Given measures \(\mu\) and \(\nu\) which are supported in \(\Omega\), we can define the Monge formulation of the optimal transport problem (also known simply as the Monge Problem) as: \[ C(\mu, \nu) = \inf_{T} \int_{\Omega}c(x, T(x))d\mu(x) \] where this infimum runs over maps \(T: \Omega \rightarrow \Omega\) such that \(T \# \mu = \nu\), where \(T \# \mu\) is the pushforward of \(\mu\) under \(T\). The pushforward condition can be characterized by defining the integral of the pushforward measure against continuous test functions \(f: \Omega \rightarrow \mathbb{R}\): \[ \int_{\Omega}f(y)d(T \# \mu)(y) = \int_{\Omega} f(T(x))d\mu(x) . \]

If \(\mu\) and \(\nu\) are absolutely continuous with respect to Lebesgue, there exists a unique optimal map \(T_{*}\) which pushed \(\mu\) to \(\nu\), and its inverse \(T_{*}^{-1}\) is the optimal map that pushes \(\nu\) to \(\mu\) (Gangbo 1995).

The pushforward constraint \(T\#\mu = \nu\) holds if and only if \[ \int_{\Omega}\phi(T(x))d\mu(x) = \int_{\Omega} \phi(y) d\nu(y) \] for every continuous function \(\phi\).

It follows that: \[ \inf_{T \# \mu = \nu} \int_{\Omega} c(x, T(x))d\mu(x) = \inf_{T} \sup_{\phi} \int_{\Omega} c(x, T(x)) d \mu(x) - \phi(T(x))d\mu(x) + \int_{\Omega}\phi(y)d\nu(y) . \]

If \(\mu\) is absolutely continuous, then we can interchange the supremum and infimum (Santambrogio 2015) and obtain: \[ \sup_{\phi} \inf_{T} \int_{\Omega}\left( c(x, T(x)) - \phi(T(x)) \right) d \mu(x) + \int_{\Omega}\phi(y) d\nu(y) . \]

From here, we can see that the term \(\inf_{T(x)} c(x, T(x)) - \phi(T(x))\) is important for the dual problem. To further analyze this, we will introduce a new operation, called the \(c\)-transform, which can be seen as a generalization of the Legendre transform.
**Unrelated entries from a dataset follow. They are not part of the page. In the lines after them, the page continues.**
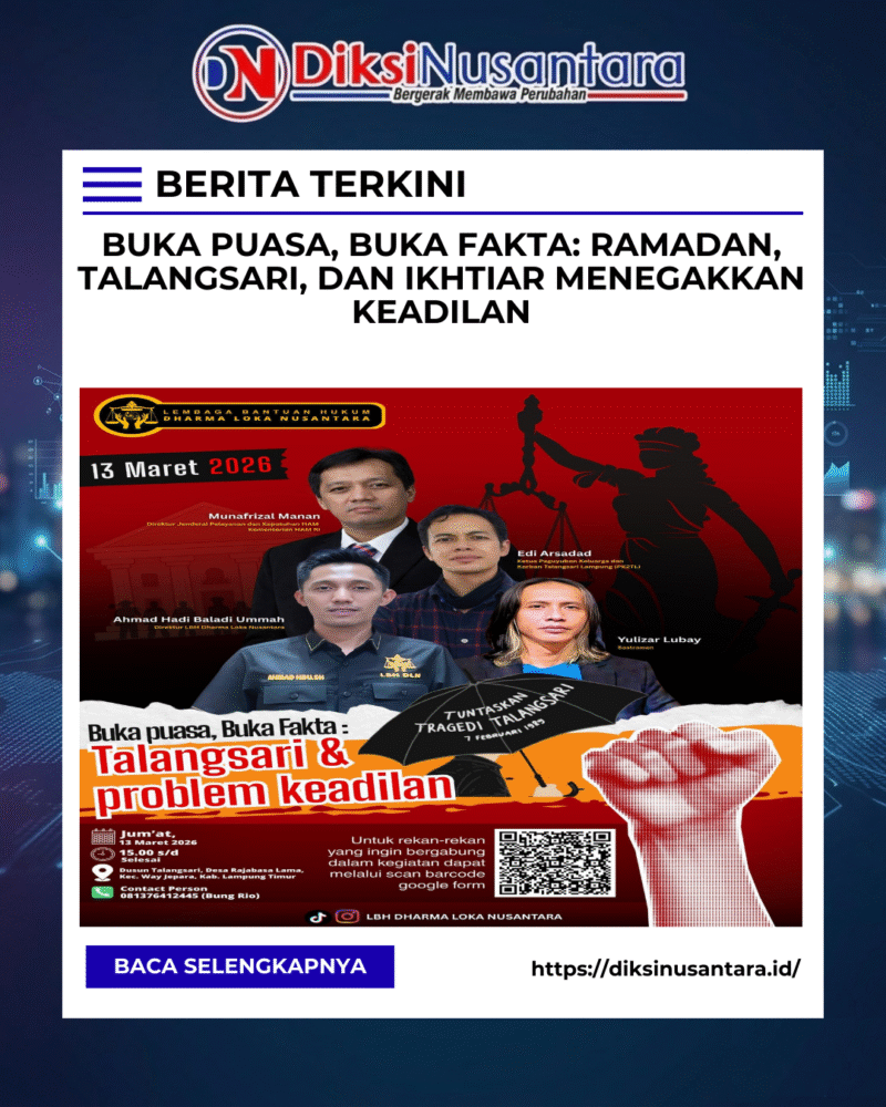 Lampung Timur — Dalam semangat bulan suci Ramadan, Lembaga Bantuan Hukum Dharma Loka Nusantara akan menyelenggarakan diskusi publik dan buka puasa bersama bertajuk “Buka Puasa, Buka Fakta: Talangsari dan Problem Keadilan” pada Jumat, 13 Maret 2026 di Dusun Talangsari, Desa Rajabasa Lama, Kecamatan Way Jepara, Kabupaten Lampung Timur.
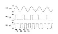 前記第1方形波電圧列の電位を第2基準電位とし、前記第1手段の出力を前記第1周波数より高い第2周波数でチョッピングして電圧レベルが前記正側の第1方形波電圧列より低電圧で前記第2基準電位に対して負側に変化する複数の方形波電圧からなる第2方形波電圧列を生成すると共に、前記第1、第2方形波電圧列を加算することでそれらが前記第1基準電位に対してその正負両側に交互に正弦波的に変化する第3方形波電圧列を形成する第2手段と、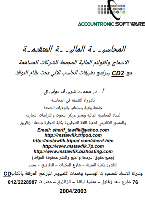 تحميل كتاب المحاسبة المالية المتقدمة الاندماج والقوائم المالية المجمعة لشركات المساهمة مع Cd2 ببرامج تطبيقات الحاسب الألي تحت نظام النوافذ Pdf محمد شريف توفيق مجلتك الإقتصادية

Definition: Given a continuous function \(\phi: \Omega \rightarrow \mathbb{R}\), we define its \(c\)-transform \(\phi^c : \Omega \rightarrow \mathbb{R}\) by \[ \phi^{c} (x) = \inf_{y \in \Omega} c(x, y) - \phi(y) . \]

We can now introduce the Kantorovich dual functional \[ J(\phi) = \int_{\Omega} \phi d \nu + \int_{\Omega} \phi^{c} d\mu . \] It can be seen from above that \[ C(\mu, \nu)= \sup_{\phi}J(\phi) \] where the supremum runs over all continuous functions \(\phi: \Omega \rightarrow \mathbb{R}\).

Gradient Ascent

Let \((\mathcal{H}, || \cdot||_{\mathcal{H}})\) be a separable Hilbert space and suppose that \(F\) is a smooth convex functional \(F: \mathcal{H} \rightarrow \mathbb{R}\).

Definition: Given a point \(\phi \in \mathcal{H}\), we say that a bounded linear map \(\delta F_{\phi} : \mathcal{H} \rightarrow \mathbb{R}\) is the Fréchet derivative of \(F\) at \(\phi\) if \[ \lim_{||h||_{\mathcal{H}} \rightarrow 0} \frac{||F(\phi + h) - F(\phi) - \delta F_{\delta}(h)||_{\mathcal{H}}}{||h||_{\mathcal{H}}} = 0 . \]

Definition: Let \(\langle \cdot, \cdot \rangle_{\mathcal{H}}\) be the inner product associated with the Hilbert space \(\mathcal{H}\). We say that a map \(\nabla_{\mathcal{H}} F : \mathcal{H} \rightarrow \mathcal{H}\) is the \(\mathcal{H}\)-gradient of \(F\) if \[ \langle \nabla_{\mathcal{H}} F(\phi), h \rangle_{\mathcal{H}} = \delta F_{\phi}(h) \] for all \((\phi, h) \in \mathcal{H} \times \mathcal{H}\).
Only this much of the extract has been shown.